- What is being asked -
The required output is the lines of the listing from the beginning through the line containing "シャツワンピース ワンピース レディース", each copied exactly, without any pictures.

- Input -

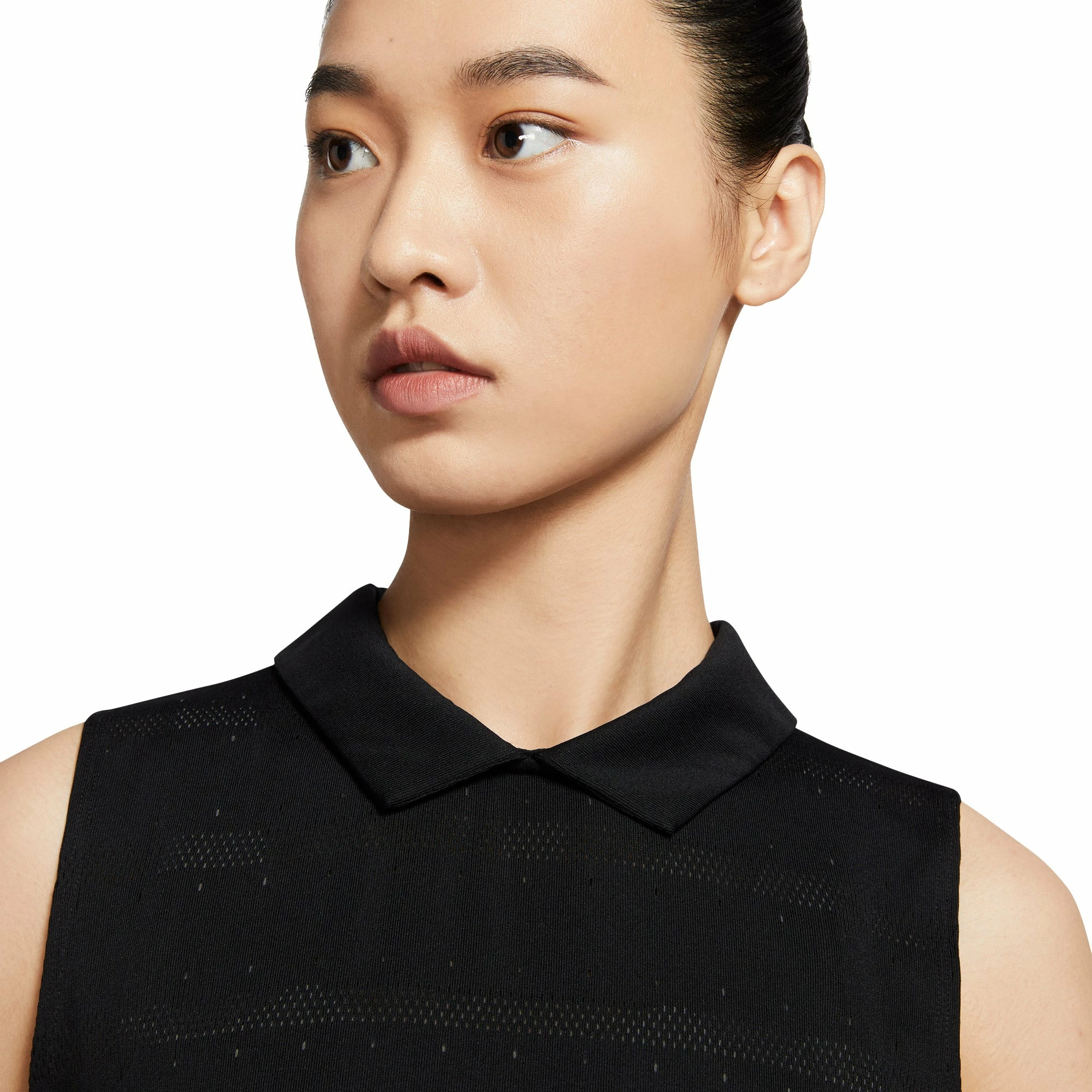 Get breathability and style for the golf course with the Nike Dri-FIT Ace Womens Golf Polo. This polo features open-hole ventilation on the back that enhances airflow while also providing an elegant look that stands out from the generic polo normally seen. The fabric soft, lightweight and stretchy and is highly breathable in high heat areas so you will stay cool and comfortable as the round heats up. The Nike Dri-FIT technology pulls moisture from the body for more comfort and the modified racerback will cover traditional bra straps.
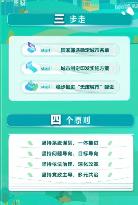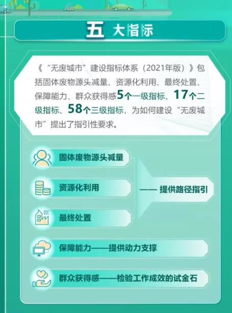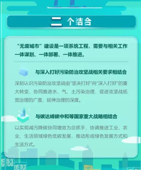 其中要求,科學編制實施方案,強化頂層設計引領。將“無廢城市”建設目標任務納入城市或區(qū)域國民經(jīng)濟和社會發(fā)展“十四五”規(guī)劃及生態(tài)環(huán)境保護規(guī)劃等相關專項規(guī)劃。因地制宜編制“無廢城市”建設實施方案,與深入打好污染防治攻堅戰(zhàn)相關要求、碳達峰碳中和等國家重大戰(zhàn)略以及城市建設管理有機融合,明確任務措施,一體謀劃、一體部署、一體推進。建立完善“無廢城市”建設評估機制,推動將建設成效納入當?shù)攸h委、政府績效考核。同時,統(tǒng)籌市域范圍內(nèi)固體廢物利用處置設施布局,鼓勵跨區(qū)域合作,加強設施共建共享。將生活垃圾、市政污泥、建筑垃圾、再生資源、工業(yè)固體廢物、農(nóng)業(yè)固體廢物、危險廢物、醫(yī)療廢物等固體廢物分類收集及無害化處置設施納入環(huán)境基礎設施和公共設施范圍,保障設施用地和資金投入。構建集污水、垃圾、固體廢物、危險廢物、醫(yī)療廢物處理處置設施和監(jiān)測監(jiān)管能力于一體的環(huán)境基礎設施體系,形成由城市向建制鎮(zhèn)和鄉(xiāng)村延伸覆蓋的環(huán)境基礎設施網(wǎng)絡。
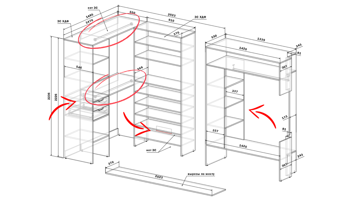 Уже на этом этапе планируем обратиться к специалистам по изготовлению шкафов-купе на заказ, чтобы у вас получился аккуратный и технически правильный эскиз, учитывающий все вещи.
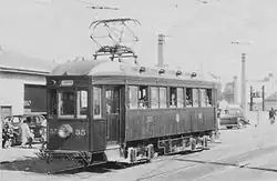 Ältester Teil der Keiō-Linie ist der Abschnitt zwischen Sasazuka und Chōfu, eröffnet am 15. April 1913 durch die Vorgängergesellschaft Keiō Denki Kidō (京王電気軌道), wobei denki kido übersetzt „elektrische Straßenbahn“ bedeutet.[4] Dieser Name ist kein Zufall, denn die Strecke war nicht nach dem Eisenbahngesetz konzessioniert worden, sondern nach dem Straßenbahngesetz (ersteres sah damals noch gar keine elektrischen Vorortbahnen vor). Somit kam nicht die bei Eisenbahnen übliche Kapspur (1067 mm) zur Anwendung, sondern die „schottische Spurweite“ von 1372 mm wie bei der Tokioter Straßenbahn.[5]
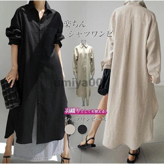 シャツワンピース ワンピース レディース 長袖 秋 夏 大きいサイズ コットンリネン 綿麻 きれいめ ゆったり ロングワンピース ロング丈 羽織 体型カバー
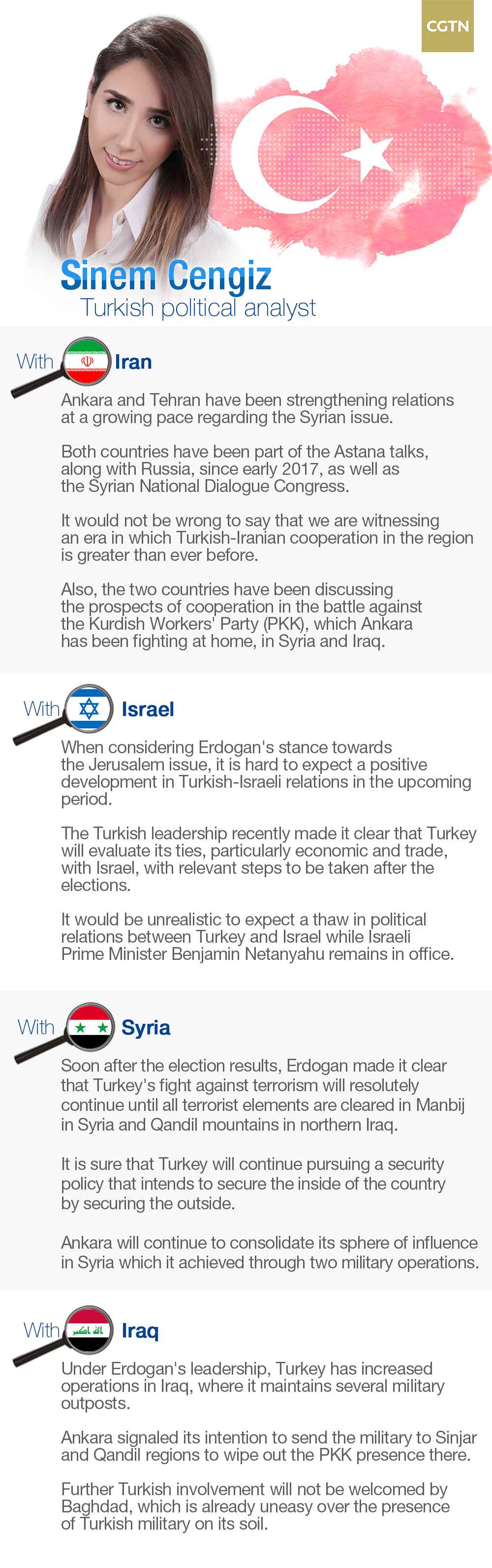 In an email interview with CGTN Digital, Sinem Cengiz, a Turkish political analyst who specializes in Turkey's relations with the Middle East, weighed in on the possible development of ties between Turkey and its key neighbors in the region:
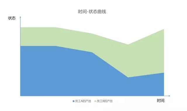 横轴代表我们能够利用的时间,纵轴代表在每一个时间段内,我们的工作状态。这条「时间-状态曲线」跟坐标轴围成的面积,就是我们最终的工作产出。
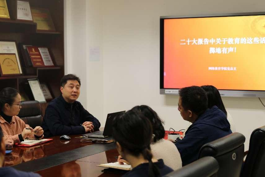 为认真学习贯彻党的二十大精神,引导全院党员和教职工充分认识新时代新征程中高等教育的意义,以实际行动推动党的二十大精神落地落实,网络教育学院决定组织系列学习活动。10月28日开展了第一次集体研学,由院长李炜做“二十大报告中关于教育的论述”分享交流。本次学习由党总支书记王小萍主持,全体党员及学院各部门负责人参加。
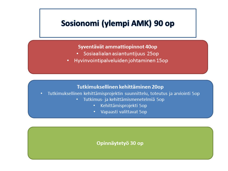 The thesis forms the centre of the studies and it is supported by the course contents and methods. The thesis and learning tasks develop new operational practices for social work and multiprofessional social services and their management. The subjects of the thesis and learning tasks are based on the development needs of working life.
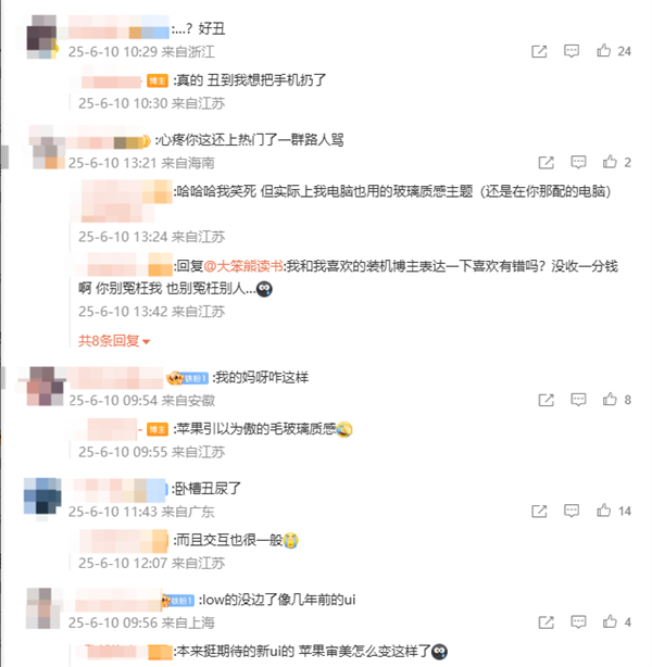 网友还表示:"本来挺期待新UI的,结果方面苹果的审美变成这样了。"
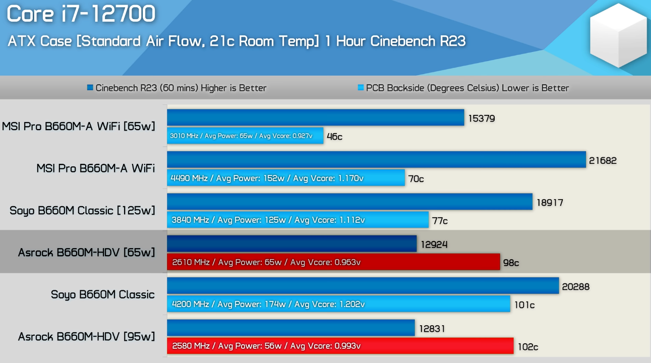 Anakart, işlemciyi soğutmaz. Anakart, işlemciye gitmesi gereken gücü vermeye çalışır. Bu gücü verirken de VRM'ler ısınır. Eğer bu VRM'leri soğutabilecek soğutmaya sahip olmayan bir anakart kullanırsan VRM'ler ısıdan dolayı zarar görmemek için gücünü kısar ve işlemci performansın düşer. "Thermal Throttling" diye geçer.
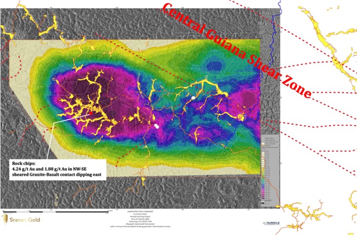 Auracle Geospatial Science Inc. ("Auracle") was contracted by Sranan to analyze the structural complexity of the Lawantino Property by means of its proprietary Mapped Underworld Dimension (MUD® SAR) remote-sensing system. Results from Auracle's analysis show a distinct increase in fracture density in association with abundant small-scale miners (see Figure 3). A similar increase in fracture density is observed on the east portion of the Lawantino Property.
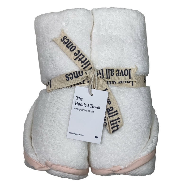 Cozy up in this organic cotton towel with hood after bath time.
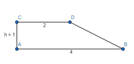 Narysuj trapez prostokątny, którego podstawy będą miały 4 cm i 2 cm, a jego wysokość 1 cm.
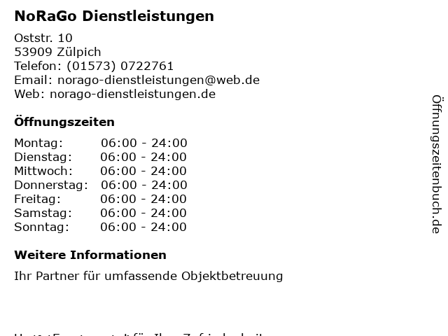 | Öffnungszeiten NoRaGo Dienstleistungen in Zülpich anzeigen | |
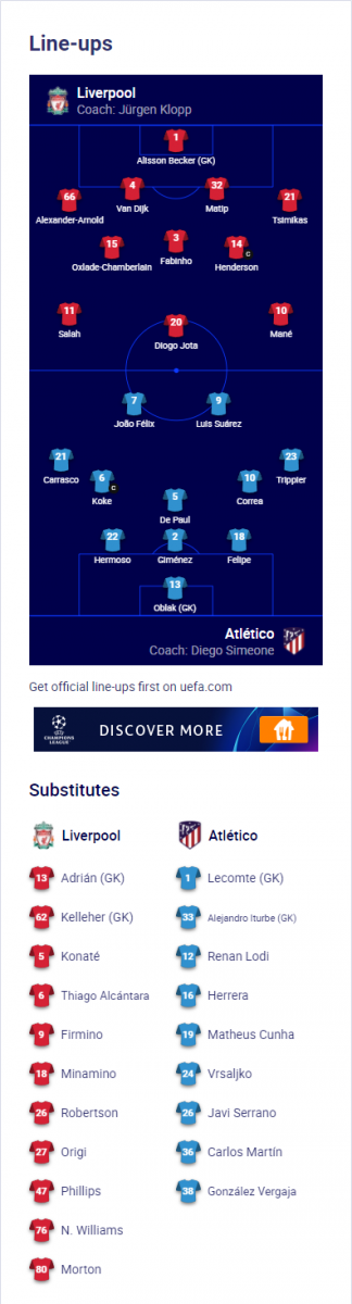 - Liverpool: Alisson; Alexander-Arnold, Matip, Van Dijk, Robertson; Jones, Henderson, Oxlade-Chamberlain; Salah, Jota, Mane

- Written answer -
 Get breathability and style for the golf course with the Nike Dri-FIT Ace Womens Golf Polo. This polo features open-hole ventilation on the back that enhances airflow while also providing an elegant look that stands out from the generic polo normally seen. The fabric soft, lightweight and stretchy and is highly breathable in high heat areas so you will stay cool and comfortable as the round heats up. The Nike Dri-FIT technology pulls moisture from the body for more comfort and the modified racerback will cover traditional bra straps.
 其中要求,科學編制實施方案,強化頂層設計引領。將“無廢城市”建設目標任務納入城市或區(qū)域國民經(jīng)濟和社會發(fā)展“十四五”規(guī)劃及生態(tài)環(huán)境保護規(guī)劃等相關專項規(guī)劃。因地制宜編制“無廢城市”建設實施方案,與深入打好污染防治攻堅戰(zhàn)相關要求、碳達峰碳中和等國家重大戰(zhàn)略以及城市建設管理有機融合,明確任務措施,一體謀劃、一體部署、一體推進。建立完善“無廢城市”建設評估機制,推動將建設成效納入當?shù)攸h委、政府績效考核。同時,統(tǒng)籌市域范圍內(nèi)固體廢物利用處置設施布局,鼓勵跨區(qū)域合作,加強設施共建共享。將生活垃圾、市政污泥、建筑垃圾、再生資源、工業(yè)固體廢物、農(nóng)業(yè)固體廢物、危險廢物、醫(yī)療廢物等固體廢物分類收集及無害化處置設施納入環(huán)境基礎設施和公共設施范圍,保障設施用地和資金投入。構建集污水、垃圾、固體廢物、危險廢物、醫(yī)療廢物處理處置設施和監(jiān)測監(jiān)管能力于一體的環(huán)境基礎設施體系,形成由城市向建制鎮(zhèn)和鄉(xiāng)村延伸覆蓋的環(huán)境基礎設施網(wǎng)絡。
 Уже на этом этапе планируем обратиться к специалистам по изготовлению шкафов-купе на заказ, чтобы у вас получился аккуратный и технически правильный эскиз, учитывающий все вещи.
 Ältester Teil der Keiō-Linie ist der Abschnitt zwischen Sasazuka und Chōfu, eröffnet am 15. April 1913 durch die Vorgängergesellschaft Keiō Denki Kidō (京王電気軌道), wobei denki kido übersetzt „elektrische Straßenbahn“ bedeutet.[4] Dieser Name ist kein Zufall, denn die Strecke war nicht nach dem Eisenbahngesetz konzessioniert worden, sondern nach dem Straßenbahngesetz (ersteres sah damals noch gar keine elektrischen Vorortbahnen vor). Somit kam nicht die bei Eisenbahnen übliche Kapspur (1067 mm) zur Anwendung, sondern die „schottische Spurweite“ von 1372 mm wie bei der Tokioter Straßenbahn.[5]
 シャツワンピース ワンピース レディース 長袖 秋 夏 大きいサイズ コットンリネン 綿麻 きれいめ ゆったり ロングワンピース ロング丈 羽織 体型カバー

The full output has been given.